> [Problem description]: Copy the records below line by line and word for word, from the very first line through the line with "Le hall d'entrée", omitting each picture.

> [The data]:
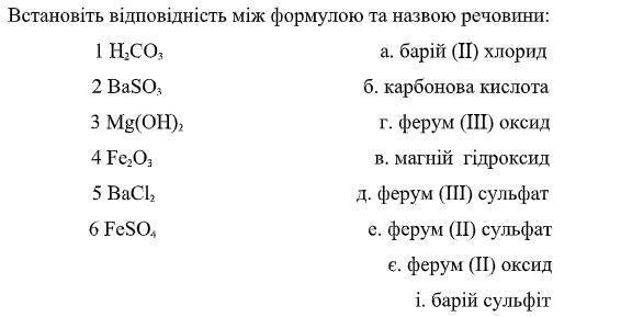 1 карбонова кислота, 2барій сульфат, 3в, 4г, 5а, 6е
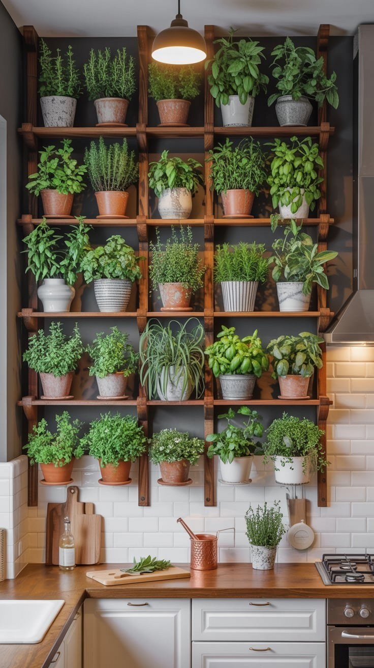 Transform your kitchen into a culinary oasis with a wall herb garden featuring a vertical trellis. This design adapts wood vegetable trellis methods for elegant, small-space indoor growing.
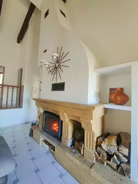 Le hall d'entrée s'ouvre sur un séjour cathédrale de 50m2 avec un espace salon et salle-à-manger équipé d'une superbe cheminée insert à laquelle vient s'ajouter un système de climatisation. Ce bel espace de vie dispose d'un accès direct sur la terrasse au Nord et également sur la deuxième terrasse pergola à l'Est, idéale pour les soirs d'été.
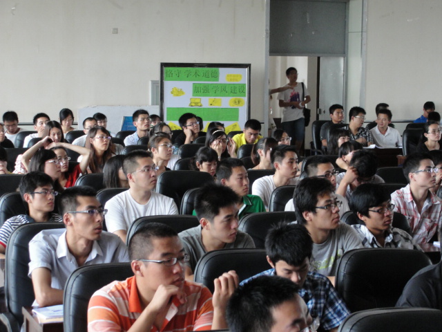 有了更多了解。随后姜教授从三个方面向大家讲解如何坚守学术道德,加强学风建设。第一个方面:做学问要先学会做人,他以自身课题组的硕士邓刚的研究成果对国民经济的做出重要贡献为例教育大家要有使命感,责任感,要有正确的人生观、价值观和崇高的理想;第二方面:学会做事,做任何事都要诚信守法,懂得奉献,团结互助,与人为善;第三方面:如何做学问,教育大家要有强烈的求知欲,有创新精神,有拼搏进取、百折不挠的精神。最后姜教授对大家提出了希望,希望大家努力历练,培养素质,成为德智体全面发展的人,成为国家的栋梁之才。
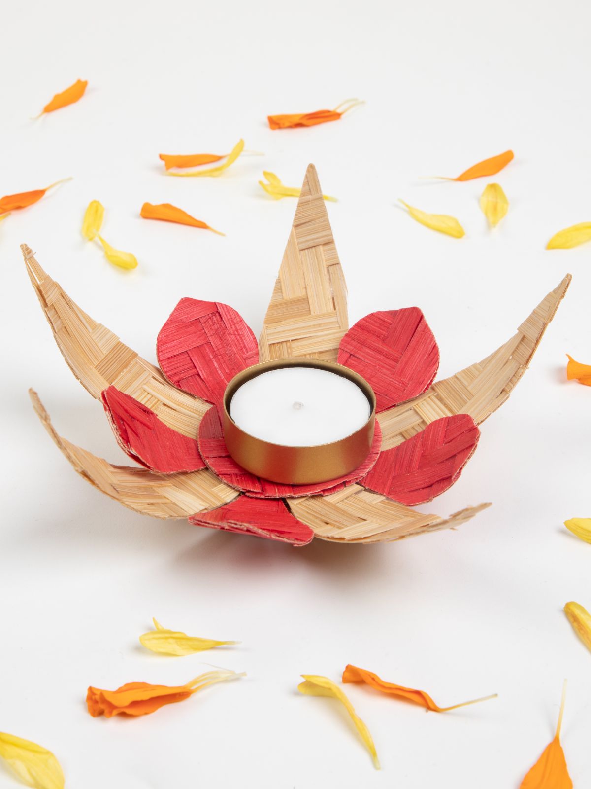 Celebrate light and tradition with these handwoven bamboo tea light holders. Inspired by natural mango leaf motifs, they radiate warmth and earthy elegance. Perfect for special occasions or everyday charm, this sustainable set enhances spaces with a soothing glow and timeless artistry.

> [Written solution]:
 1 карбонова кислота, 2барій сульфат, 3в, 4г, 5а, 6е
 Transform your kitchen into a culinary oasis with a wall herb garden featuring a vertical trellis. This design adapts wood vegetable trellis methods for elegant, small-space indoor growing.
 Le hall d'entrée s'ouvre sur un séjour cathédrale de 50m2 avec un espace salon et salle-à-manger équipé d'une superbe cheminée insert à laquelle vient s'ajouter un système de climatisation. Ce bel espace de vie dispose d'un accès direct sur la terrasse au Nord et également sur la deuxième terrasse pergola à l'Est, idéale pour les soirs d'été.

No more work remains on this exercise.